The average age of onset for MDS or AML is 33, although the age range is more extensive. T-ALL associated with a RUNX1 mutation generally occurs at an earlier stage of life.
Special Features of Treatment
Treatment of MDS or AML in patients with an RUNX1 mutation should be discussed thoroughly with the corresponding study centers.
When a stem cell transplant is planned with an HLA-compatible sibling as the donor, he or she should first undergo a RUNX1 mutational analysis to rule out the possibility of being an asymptomatic carrier of the same genetic syndrome.
Diagnosis ofRUNX1 Deficiency- What's Next?
Once diagnosed, it is recommended that a cancer predisposition specialist manage the patient. The following section explains whether cancer screening tests or other measures are necessary and how they should be performed. Some additional information, including links to support groups, is also included at the end of this page.
Diagnosis ofRUNX1 Deficiency- What's Next?
Once diagnosed, it is recommended that a cancer predisposition specialist manage the patient. The following section explains whether cancer screening tests or other measures are necessary and how they should be performed. Some additional information, including links to support groups, is also included at the end of this page.

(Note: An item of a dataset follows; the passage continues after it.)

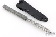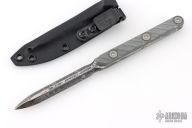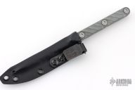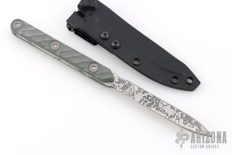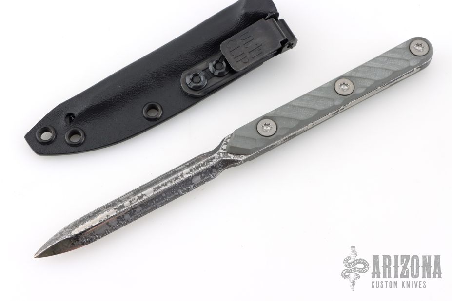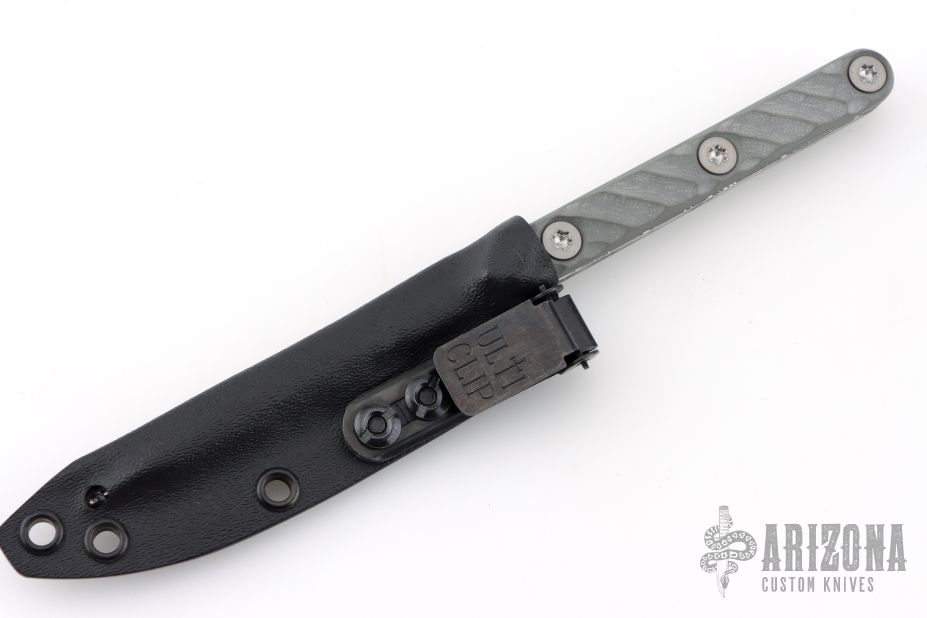 This Spike by Half Face blades. Has a chisel ground acid etched blade with sculpted gray G-10 scales. Comes with kydex sheath with ulti-clip. Excellent Condition.

Recommendations for Early Detection in Your Patients
FPDMM patients should be treated at a center where they can receive adequate hemato-oncological care and genetic counseling.
The following early-detection procedures should be included:
- Regular clinical examinations (at least annually and every 3-6 months when there is a higher risk of MDS/AML)
- Differential blood count (initially every 3-4 months, which can be extended to every 6-12 months with stable findings, and every 2-4 weeks when there are abnormalities)
- Bone marrow puncture with a morphological, cytogenetic, and molecular genetic examination of the aspirate/biopsy to detect early signs of developing hematological neoplasia (annually, and more often when there are abnormalities in the blood count)
- FPDMM patients, their families, and their attending physicians should be familiar with suspicious clinical symptoms that indicate the development of leukemia.
- The family history of neoplasia, cytopenia, and hemorrhaging should be updated regularly.
RUNX1 Deficiency – Further Information
Further Information
Unfortunately, we are currently not aware of any support groups for patients with RUNX1 Deficiency. New information will be added as soon as it becomes available.